(About this exercise) Make an exact transcript of the lines in the data below, starting with the one containing "전라남도교육청(교육감 장석웅)은 2일" and going on through the one containing "着丈もスッキリとしているので", with both included and the pictures left out.

(Data for review)

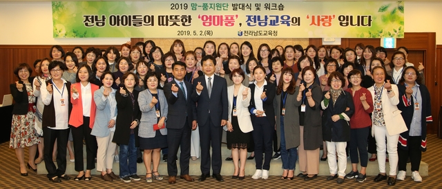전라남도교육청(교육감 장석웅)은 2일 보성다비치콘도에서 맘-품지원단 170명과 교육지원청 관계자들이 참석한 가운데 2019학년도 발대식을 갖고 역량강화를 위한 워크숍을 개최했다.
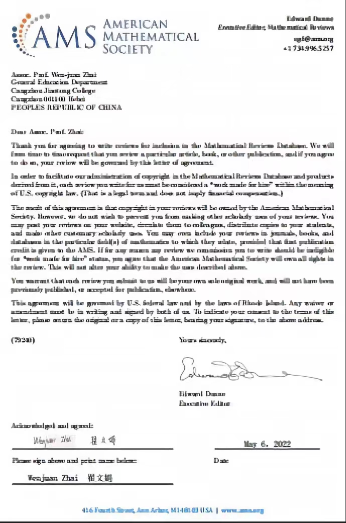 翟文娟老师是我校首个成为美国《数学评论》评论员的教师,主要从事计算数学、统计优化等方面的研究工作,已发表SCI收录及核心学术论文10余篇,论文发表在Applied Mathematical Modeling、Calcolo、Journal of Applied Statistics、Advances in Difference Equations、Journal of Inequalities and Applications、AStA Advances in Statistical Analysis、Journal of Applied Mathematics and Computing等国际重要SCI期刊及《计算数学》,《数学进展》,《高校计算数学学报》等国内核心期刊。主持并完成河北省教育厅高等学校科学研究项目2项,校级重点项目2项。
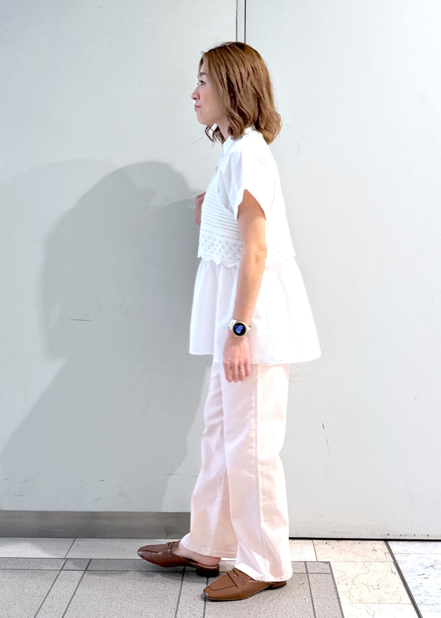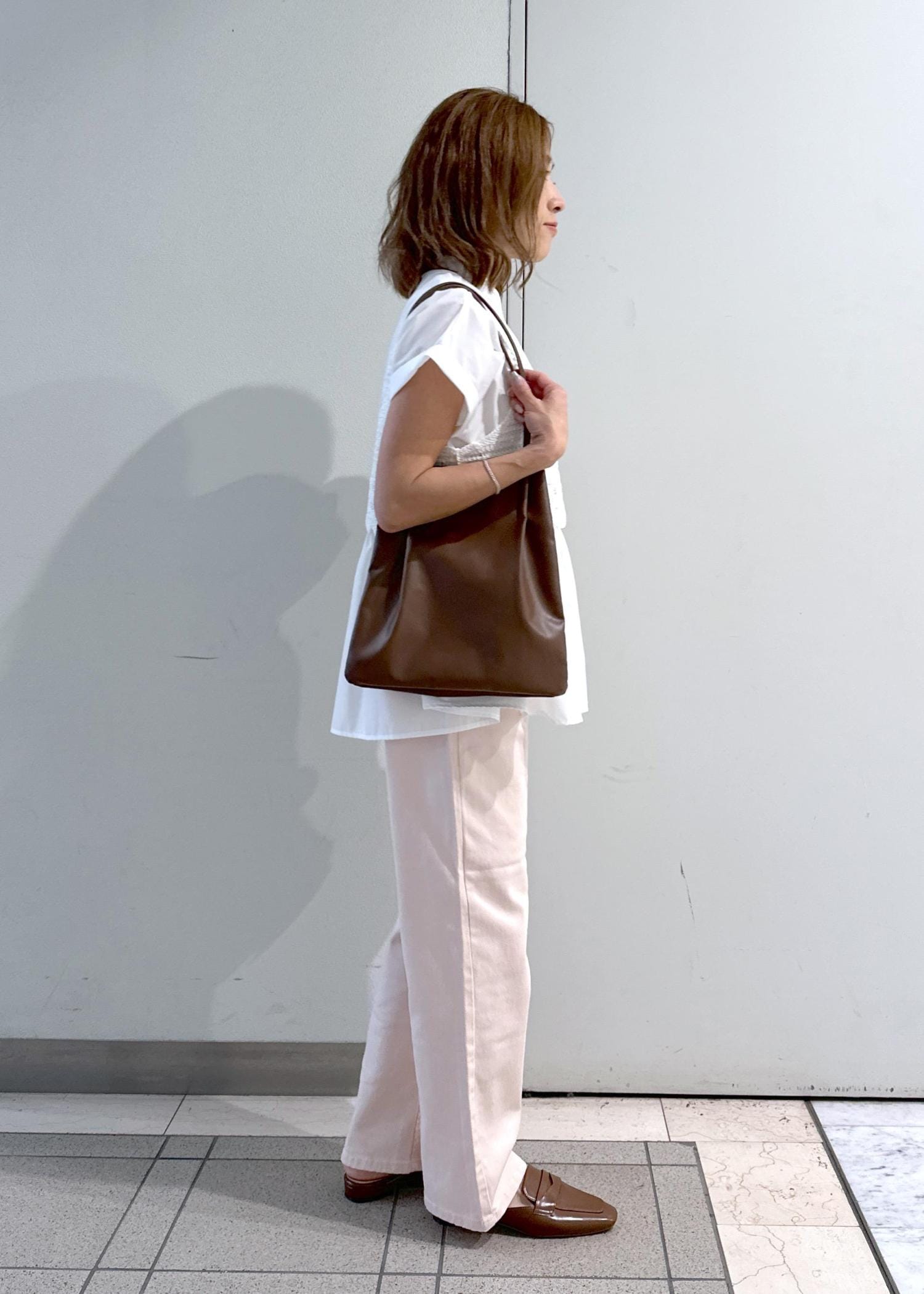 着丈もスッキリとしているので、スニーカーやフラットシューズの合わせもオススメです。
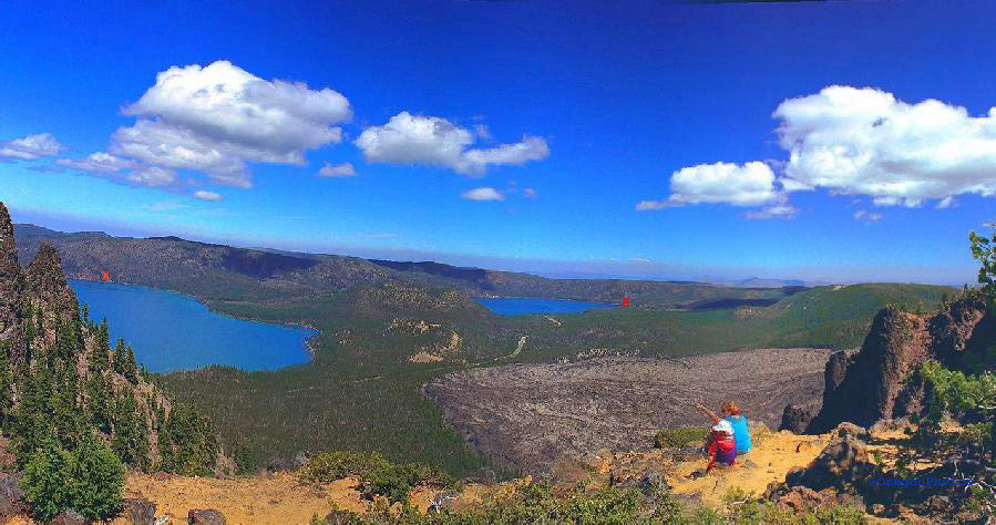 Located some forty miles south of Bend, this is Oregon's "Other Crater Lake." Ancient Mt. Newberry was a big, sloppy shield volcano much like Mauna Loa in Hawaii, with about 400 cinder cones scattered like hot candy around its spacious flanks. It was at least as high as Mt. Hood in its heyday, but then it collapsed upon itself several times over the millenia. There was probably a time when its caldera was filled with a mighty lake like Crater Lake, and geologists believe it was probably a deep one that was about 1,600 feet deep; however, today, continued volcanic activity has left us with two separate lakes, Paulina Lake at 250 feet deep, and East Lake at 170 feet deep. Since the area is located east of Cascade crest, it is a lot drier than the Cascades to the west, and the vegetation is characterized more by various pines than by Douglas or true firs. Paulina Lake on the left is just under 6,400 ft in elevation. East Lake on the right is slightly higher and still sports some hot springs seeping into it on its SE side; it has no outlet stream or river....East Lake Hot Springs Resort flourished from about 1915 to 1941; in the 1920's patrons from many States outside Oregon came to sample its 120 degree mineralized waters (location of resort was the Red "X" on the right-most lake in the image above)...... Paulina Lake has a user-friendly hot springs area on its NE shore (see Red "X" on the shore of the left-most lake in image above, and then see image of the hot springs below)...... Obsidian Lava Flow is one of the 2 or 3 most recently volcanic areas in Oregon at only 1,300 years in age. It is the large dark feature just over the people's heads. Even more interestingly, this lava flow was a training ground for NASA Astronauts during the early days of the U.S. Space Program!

(End Data for review)
(Data for review)

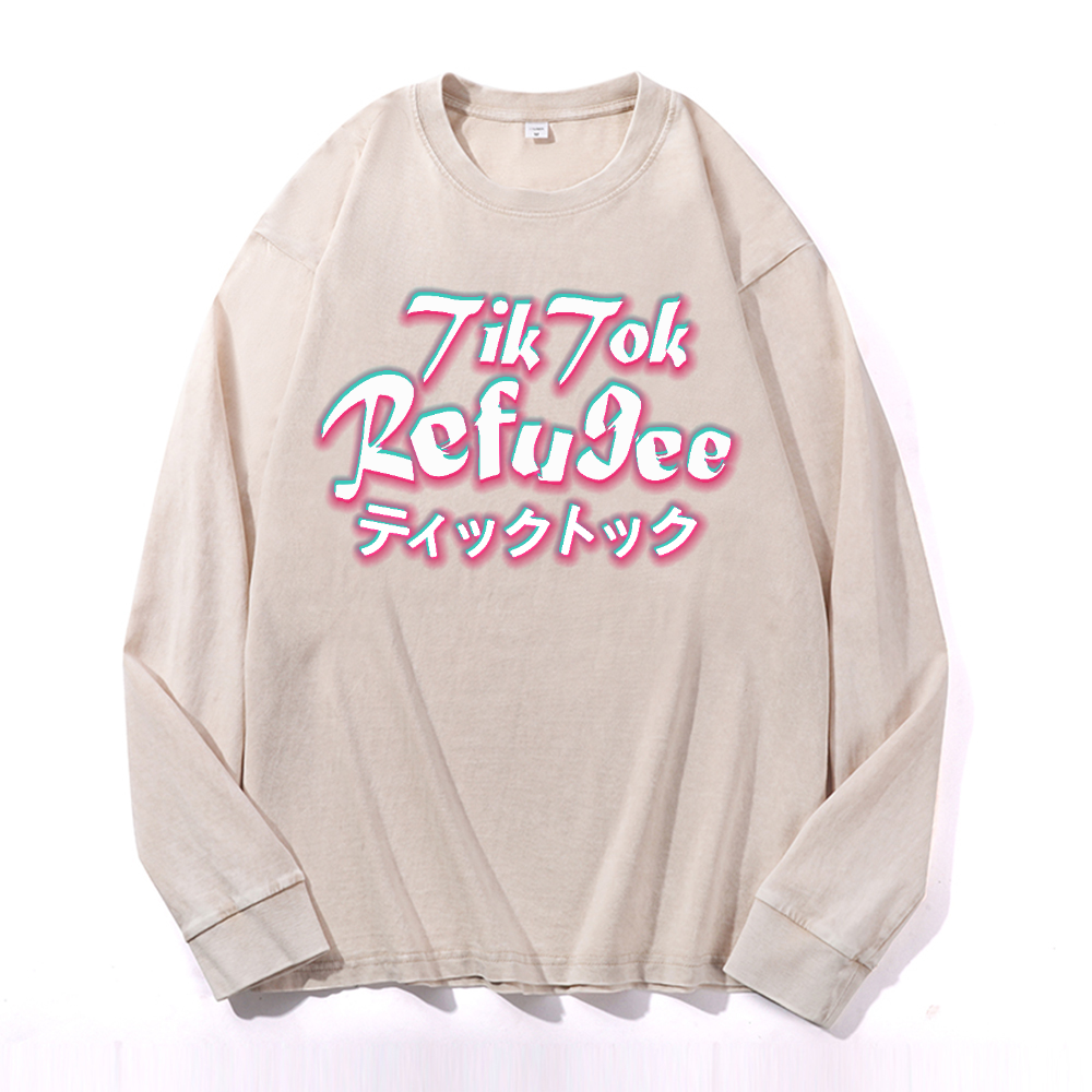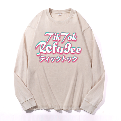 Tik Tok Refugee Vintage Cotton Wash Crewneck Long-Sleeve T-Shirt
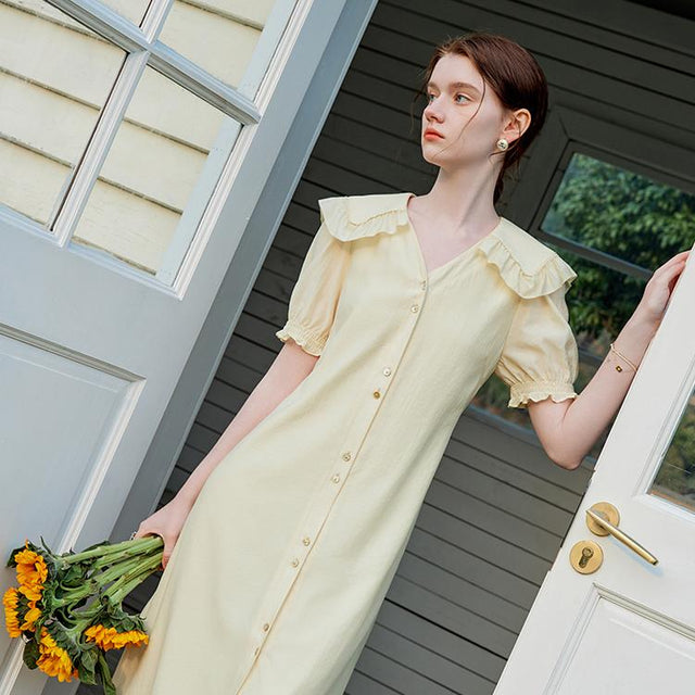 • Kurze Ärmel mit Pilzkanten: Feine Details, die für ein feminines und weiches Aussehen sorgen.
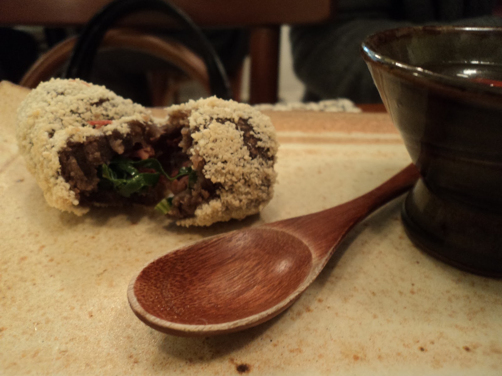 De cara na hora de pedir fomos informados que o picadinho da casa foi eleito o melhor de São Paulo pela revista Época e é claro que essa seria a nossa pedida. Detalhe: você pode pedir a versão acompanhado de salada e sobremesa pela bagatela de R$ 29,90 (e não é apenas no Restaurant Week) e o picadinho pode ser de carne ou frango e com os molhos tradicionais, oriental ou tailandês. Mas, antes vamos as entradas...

(End Data for review)
(Data for review)

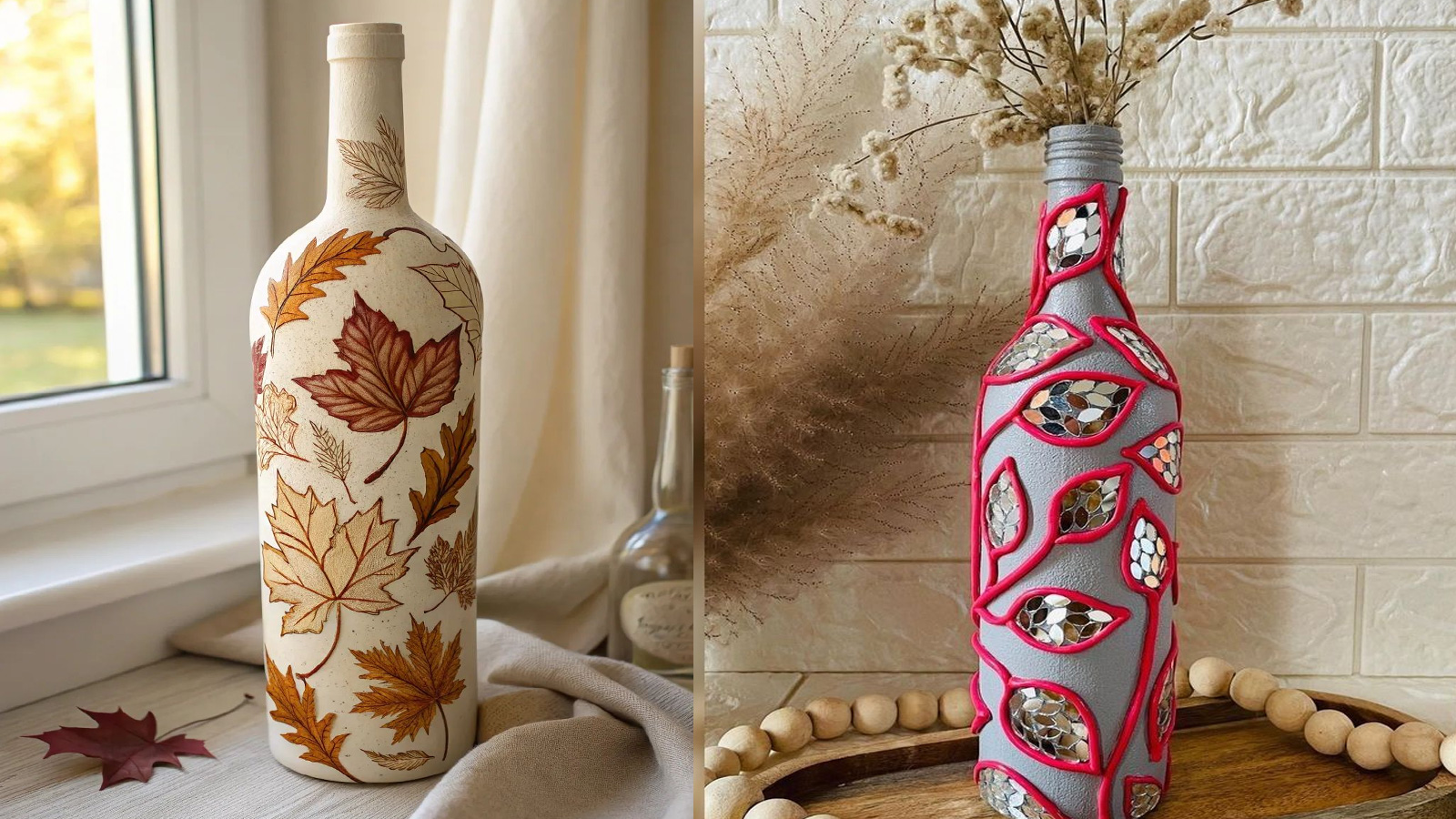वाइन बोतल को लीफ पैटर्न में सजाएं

(End Data for review)

(Output)
전라남도교육청(교육감 장석웅)은 2일 보성다비치콘도에서 맘-품지원단 170명과 교육지원청 관계자들이 참석한 가운데 2019학년도 발대식을 갖고 역량강화를 위한 워크숍을 개최했다.
 翟文娟老师是我校首个成为美国《数学评论》评论员的教师,主要从事计算数学、统计优化等方面的研究工作,已发表SCI收录及核心学术论文10余篇,论文发表在Applied Mathematical Modeling、Calcolo、Journal of Applied Statistics、Advances in Difference Equations、Journal of Inequalities and Applications、AStA Advances in Statistical Analysis、Journal of Applied Mathematics and Computing等国际重要SCI期刊及《计算数学》,《数学进展》,《高校计算数学学报》等国内核心期刊。主持并完成河北省教育厅高等学校科学研究项目2项,校级重点项目2项。
 着丈もスッキリとしているので、スニーカーやフラットシューズの合わせもオススメです。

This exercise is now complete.